Temperature-Aware Memory Mapping and Active Cooling of Neural Processing Units

Neural processing units (NPUs) have become indispensable for meeting the high computational demands of deep neural networks (DNNs). They provide a very efficient solution, thanks to having a huge MAC array that enables massive parallelism. Nevertheless, such an architecture exhibits excessive on-chip power densities leading to a localized hot-spot that seriously heats its surroundings. This work demonstrates how the on-chip temperatures induced by the MAC array create a spatial thermal gradient through the on-chip SRAM memory.

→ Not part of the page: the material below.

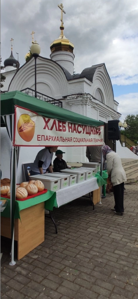 В одном из павильонов,разместившихся на площадке перед часовней в честь преподобного Аркадия Вяземского, можно было приобрести продукцию епархиальной социальной пекарни «Хлеб насущный» -хлеб и хлебобулочные изделия. Все вырученные средства будут направлены по благословению епископа Вяземского и Гагаринского Сергия на оказание помощи шестнадцатилетней Евгении Иксаковой из п.Новый Вяземского района. Евгения перенесла срочную операцию по трансплантации печени из-за цирроза 4 степени неизвестной этиологии, сейчас ей требуется реабилитация и дальнейшее лечение. Сбор средств наоказание помощи Евгенииосуществлялся в ходе ярмарки и волонтёрами социально-молодёжного центра «Серафимово подворье» под руководством Голубковой О.С., руководителя Координационного центра по добровольческой деятельности Вяземской епархии.

This makes the memory regions sensitive to different error probabilities (Perror), leading to significant accuracy drops when DNNs are being executed. To surmount this challenge, we employ on-chip superlattice thermoelectric (TEC) cooling devices that effectively reduce the memory temperature. Although scaling the memory voltage makes SRAM cells more sensitive to errors, it significantly decreases the leakage power, which compensates for the power consumed by the incorporated TEC devices. Furthermore, operating the SRAM at a lower voltage and temperature substantially increases its lifetime because voltage and temperature are key stimuli of transistor aging. By running multi-physics simulations using commercial finite-element tools and SPICE simulations for the 14nm FinFET technology, we accurately derive the relation between the Perror in different memory regions and the corresponding cooling cost. We then propose a three-stage temperature-aware layer-wise memory mapping that exploits different degrees of the sensitivity of NN layers to errors towards maximizing the DNN accuracy while minimizing the cooling cost. Experimental results reveal that our method notably improves the DNN accuracy compared to existing temperature-oblivious memory mapping.